I have three questions:
1. What is the remainder of (x^3 + 2x^2 - 5x+4) /(x-3) I think the answer is 34??
2. Evaluate (4+5i)(2+2i)
=4(2) +4(2i) + 5i(2) + 5i(2i) = 8 + 8i + 10i+10i^2(-1)
=-2 + 18i
3. Using Rational Roots Theorem, list all possible rational root of f(x) = 2x^3 - 3x^2 + 5x+6
Possible roots are p/a = -+1, -+2, +-3, -+6. -+3/2
1. is correct
2. is correct
Number three should read p/q = not p/a
Thank you for letting me know the first two are correct
1. To find the remainder of the polynomial (x^3 + 2x^2 - 5x + 4) divided by (x - 3), you can use polynomial long division or synthetic division.

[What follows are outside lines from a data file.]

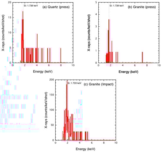 For quartz and granite, a peak around the energy of the Si line (1.739 keV) is observed. Based on the spectra shown in Figure 3, we consider the X-ray counts in the energy range of 1.6 to 1.9 keV to correspond to the Si line. Because the resolution of this detector Γ is ~0.2 keV FWHM (full width at half maximum), if the profile of the line is ideally Gaussian, the standard deviation σSi is represented as Γ/(2(2ln2)1/2) = 0.085 keV. Hence, this energy range corresponds to ~2σSi. For press disruption, the counts of the Si line between 1.6 to 1.9 keV for quartz and granite are 54 and 5.7 counts per shot, respectively. Multiplying the energy of bin-size (0.035 keV), the number of photons is obtained to be 1.9 and 0.2 photons per shot, respectively. The counts for impact granite disruption are 580 counts per shot, corresponding to 20.3 photons per shot.
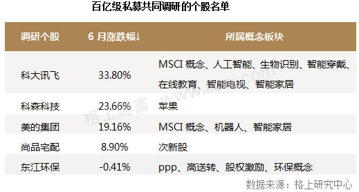 同时,格上研究中心注意到,在6月没有出现三家以上百亿私募共同关注个股,但是在私募共同关注个股名单中,MSCI概念、智能家居概念频繁出现。
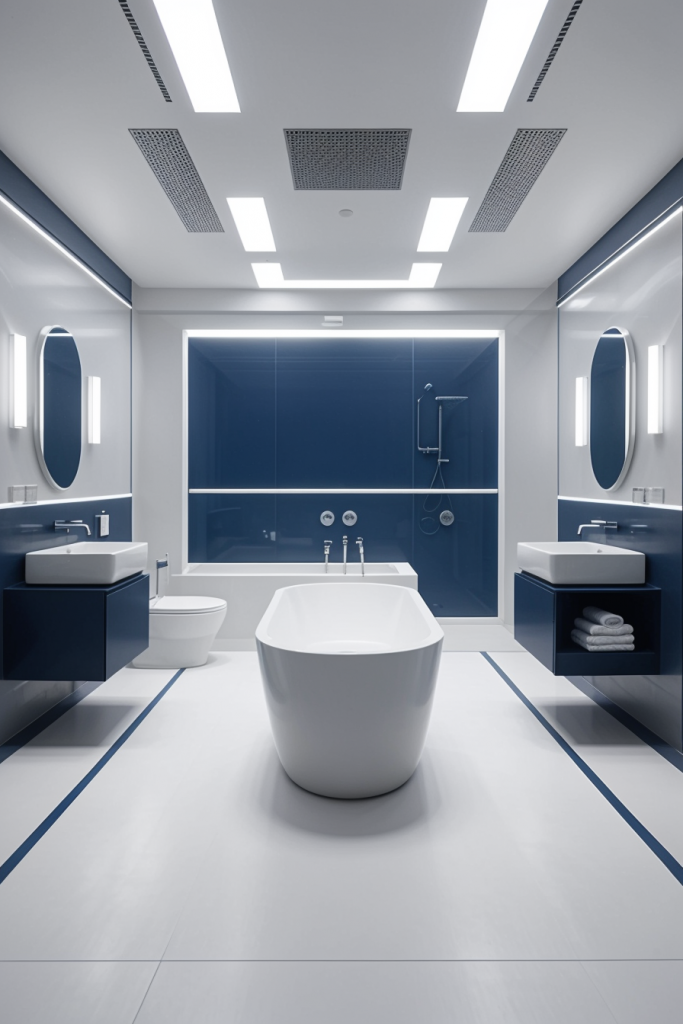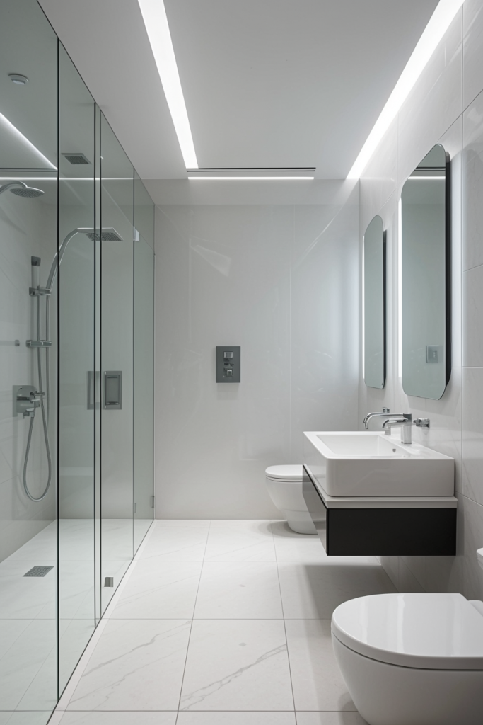 Cutting-edge technology is built into bathroom aesthetic dekor to facilitate luxury and convenience. Modern design elements compliment smart showers, automated faucets, and high tech mirrors which provide intuitive control to the bathroom.

Let's use synthetic division to solve this:
Set up the synthetic division problem like this:
3 | 1 2 -5 4
Start by bringing down the 1 (coefficient of x^3):
3 | 1 2 -5 4
---------------------
1
Next, multiply the divisor (3) by the quotient (which is 1 in this case) and subtract the result from the next coefficient:
3 | 1 2 -5 4
---------------------
1
-3
---
-1
Repeat the process by bringing down the next coefficient (-5) and continue:
3 | 1 2 -5 4
---------------------
1
-3
---
-1 -3
-----
-6
Finally, bring down the last coefficient (4), and the resulting divisor is the remainder:
3 | 1 2 -5 4
---------------------
1
-3
---
-1 -3
-----
-6 1
So the remainder is 1, not 34.
2. To evaluate the expression (4 + 5i)(2 + 2i), you can use the FOIL method.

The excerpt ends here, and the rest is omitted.